Prologue
Looking out of the window from my lodgement three floors up, all I can see is the swelling of waves coming in from the northern horizon. Apart from an annoying slice of Aberdeenshire I could surf to the North Pole without encountering land. I would squeeze between Orkney and Shetland. Jan Mayen Island would be well to the east and I would comfortably miss Svalbard. This is where I have come: the sea, the waves, the tides, and sky.
Where I was born, in the bottom dwelling of a hill of terrace houses in Bradford, then where I misspent my boyhood and youth in the valleys and beechwoods of the Chilterns, and where I lived and worked for most of my adult life in Wakefield on the southern edge of the great West Yorkshire conurbation….these places could not have been further from the sea.
A wrinkled photograph shows my father in his shirt sleeves, trousers rolled above his knees, gingerly holding onto my sister and I in the shallow tide at…well, where? Bognor perhaps, or Littlehampton, where I puzzled over the way the sand was patterned in crinkly ridges, ‘the ribb’d Sea-sand’ of Coleridge’s Ancient Mariner.
And there are pictures of my own children on a rare visit to the sea, tentatively exploring the strange element.
And that was it as far as the sea was concerned.
But now I look out from my crow’s nest across the wind-blown waters where the Firth of Forth and the North Sea meet. Over time my senses tune to sea colours — grey, green, turquoise, silver; sea sounds — deep turbine roar, rasping exhalation of wave-break, lisp of gentle tides; sea smells — salt and kelp and sea-wind.
And I am struck by the awesome realisation that waves have been breaking thus for millennia, long before there was a window here to look out of, and will do so long after it shatters to dust.
I never thought the sea was in my blood,
landlocked till now by hedge and drystone,
my tracks trained on rocky contour lines.
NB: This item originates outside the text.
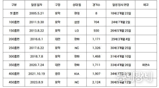 한 팀에서만 활약하며 매년 꾸준함으로 대기록 달성을 앞둔 최정은 지금과 같은 활약을 이어간다면 KBO리그 최초 개인 통산 500홈런 달성도 시간 문제일 것으로 전망된다.
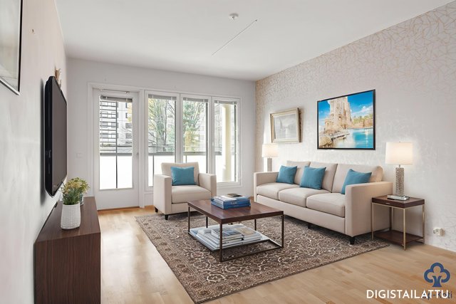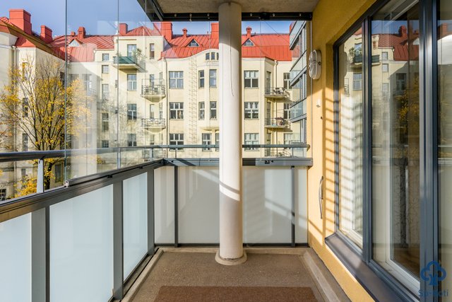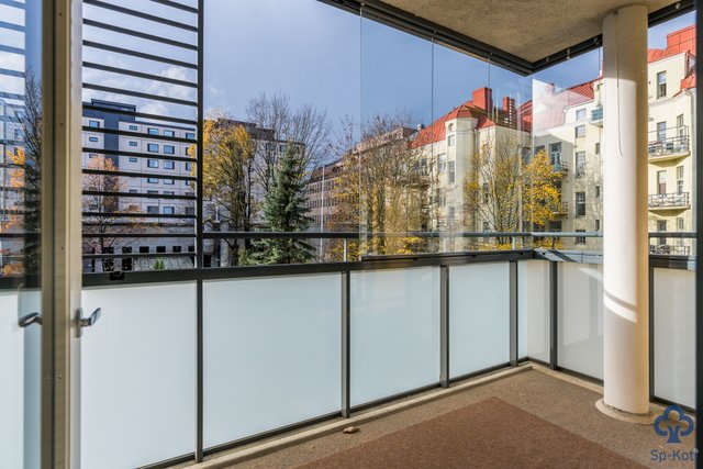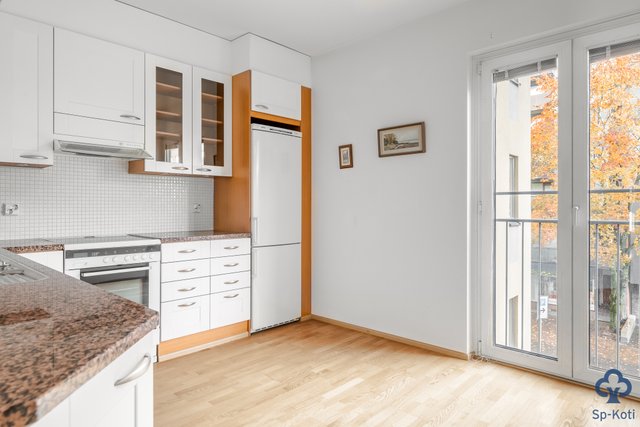 Keittiössä on laadukkaat kivitasot, mukavasti kaappitilaa sekä ranskalainen parveke, joka tuo lisää valoa ja ilmavuutta tilaan. Tilavasta olohuoneesta on käynti lasitetulle parvekkeelle (sisäpihan suuntaan), jonne voi vetäytyä rentoutumaan rauhassa kaupungin sykkeestä huolimatta.

But now it’s my front yard.
Sitting on the wall watching it break and
spill between the red reefs at my feet
I try to learn its language, catch its twang —
the surf’s riff peeling along the wave’s crest,
the grackle of pebbles in the undertow.
And how it keeps on coming like an illusion,
the dark swell brimming with intent,
a dream catching its breath and dissolving.
At night with the window open
I hear the thump of its deep iambics
and feel its pulse beat in the sea-caves of my sleep.
So now when I’ve been to get my paper in the morning I walk back along the shore, the little bit of rocky beach below my dwelling. I stand for a few minutes watching the waves roll in from a hazy horizon. I keep the image in my head, go home and paint it
Morning Sea
The strata of old red sandstone, 400 million years old, on which our houses and roads stand, out of which the substantial villas nearby are built, shelve out from the beach, red-umber slabs to be eroded and chipped away by the next millennium of wind and tide. I do a few exploratory watercolour sketches….
Later, I do a painting of the breaking surf in acrylic.
And so begins this exploration of my new world: the sea, the wind, rocks and rockpools, the pine trees hanging over the low cliffs, and the cry of the curlew. But maybe not so much a new beginning as a recycling, for time does not travel in a straight line, but like a wanderer stops and starts, turns back on itself, spirals and, as with most of my own wanderings, ends up where it started.
As I walk along the shore, I sense the waves break into my mind, stirring my imagination. They also throw up the past, tossing its flotsam onto the shingle at my feet. Seascape becomes mindscape, shorelines become lifelines.